Institute of Molecular Life Sciences, University of Zurich, Zurich, Switzerland.
Nat Methods. 2010 Oct;7(10):837-42. doi: 10.1038/nmeth.1504. Epub 2010 Sep 12.
Efficient experimental strategies are needed to validate computationally predicted microRNA (miRNA) target genes. Here we present a large-scale targeted proteomics approach to validate predicted miRNA targets in Caenorhabditis elegans. Using selected reaction monitoring (SRM), we quantified 161 proteins of interest in extracts from wild-type and let-7 mutant worms. We demonstrate by independent experimental downstream analyses such as genetic interaction, as well as polysomal profiling and luciferase assays, that validation by targeted proteomics substantially enriched for biologically relevant let-7 interactors. For example, we found that the zinc finger protein ZTF-7 was a bona fide let-7 miRNA target. We also validated predicted miR-58 targets, demonstrating that this approach is adaptable to other miRNAs. We propose that targeted mass spectrometry can be applied generally to validate candidate lists generated by computational methods or in large-scale experiments, and that the described strategy should be readily adaptable to other organisms.

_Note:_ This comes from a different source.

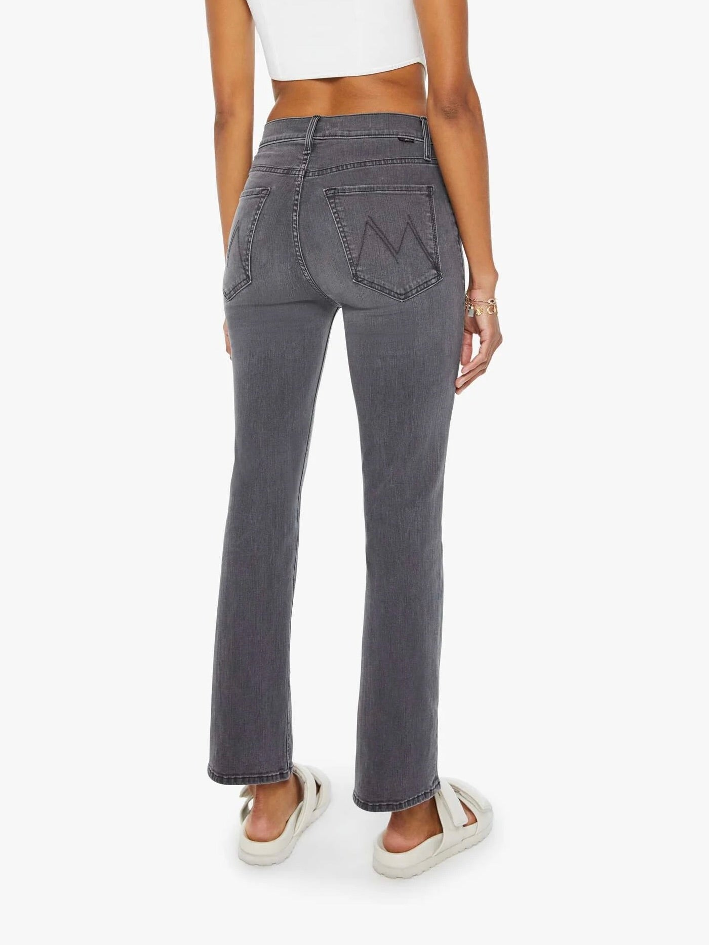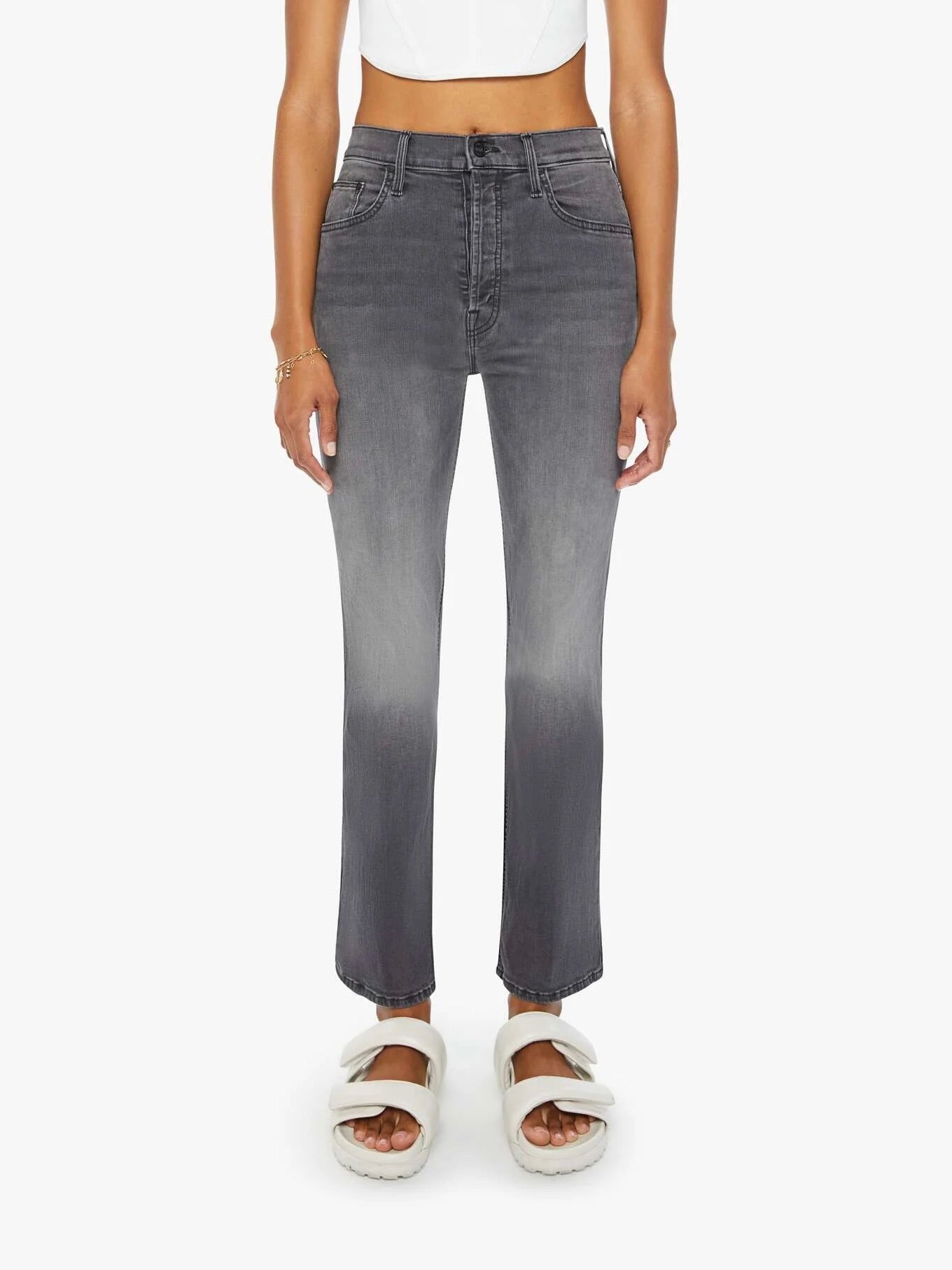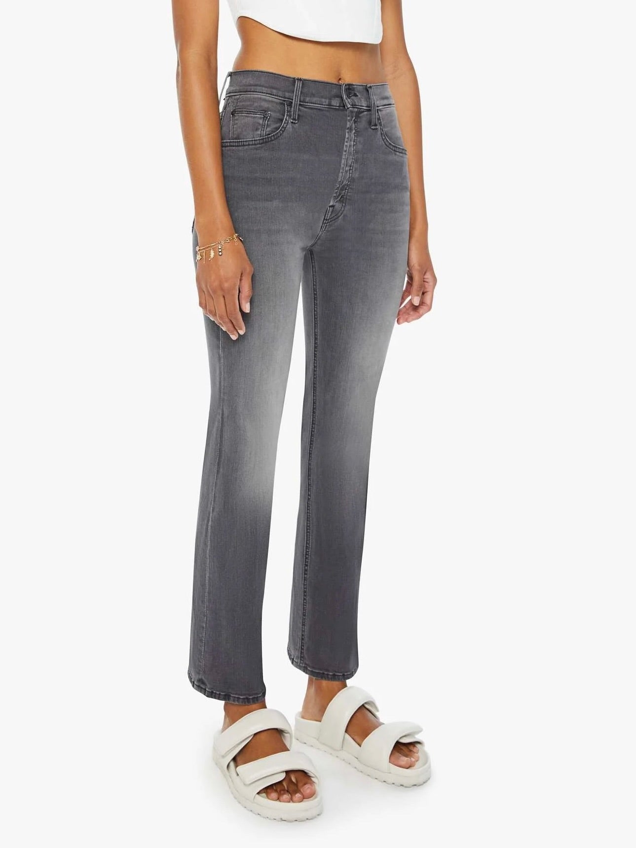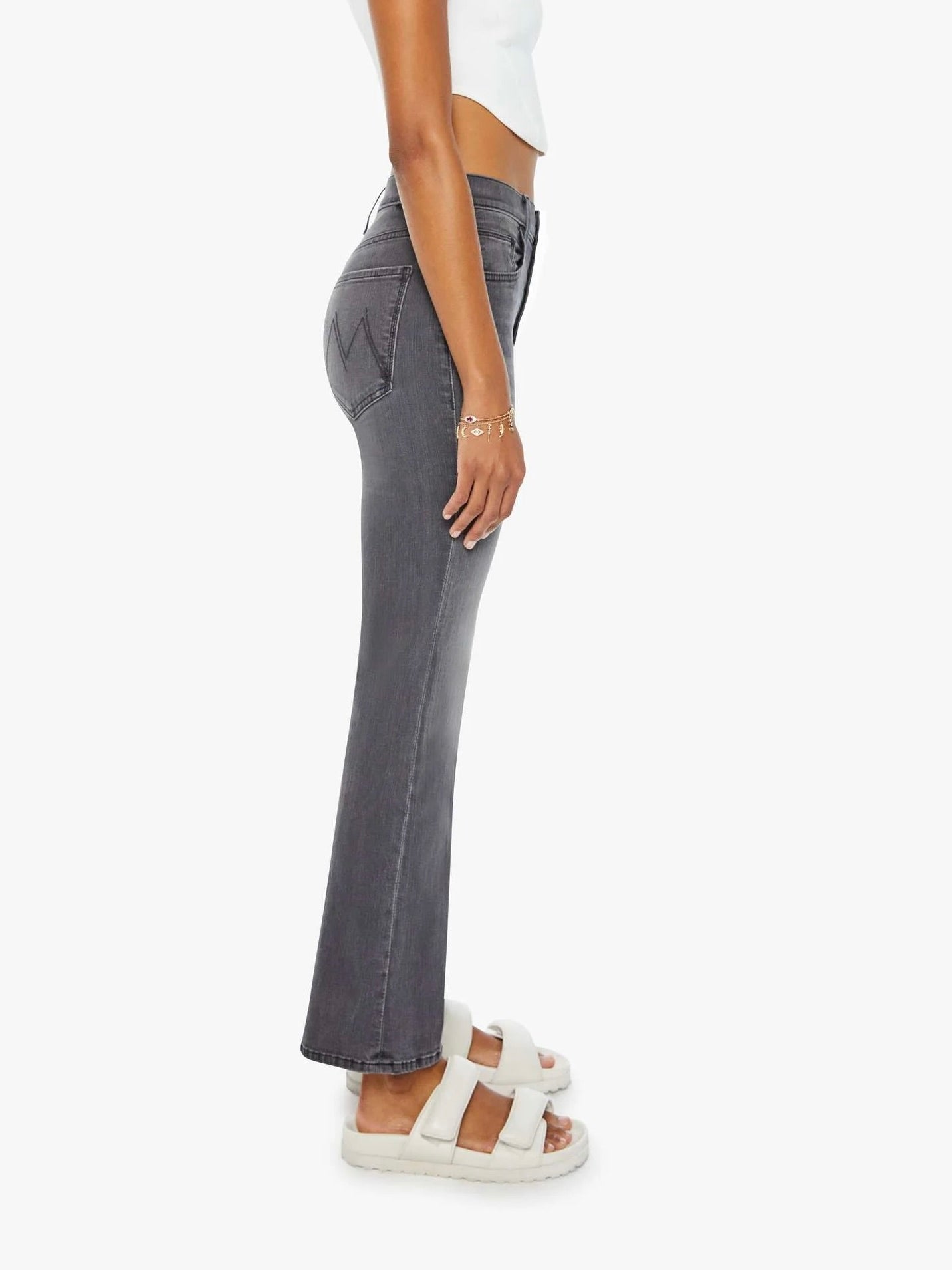 It’s lit. A high-rise flare with a button fly and a clean ankle-length hem. Cut from stretch denim. Lighting Up Lanterns is a dark grey wash with subtle whiskering and fading at the knees.

需要有效的实验策略来验证计算预测的 microRNA (miRNA) 靶基因。在这里,我们提出了一种大规模的靶向蛋白质组学方法,用于验证秀丽隐杆线虫中预测的 miRNA 靶标。使用选择反应监测 (SRM),我们定量了野生型和 let-7 突变体蠕虫提取物中 161 种感兴趣的蛋白质。我们通过独立的下游实验分析(如遗传相互作用、多核糖体分析和荧光素酶测定)证明,通过靶向蛋白质组学验证大大富集了具有生物学相关性的 let-7 相互作用物。例如,我们发现锌指蛋白 ZTF-7 是一个真正的 let-7 miRNA 靶标。我们还验证了预测的 miR-58 靶标,证明了这种方法适用于其他 miRNA。我们提出,靶向质谱分析可以普遍应用于验证计算方法或大规模实验产生的候选列表,并且所描述的策略应该易于适应其他生物体。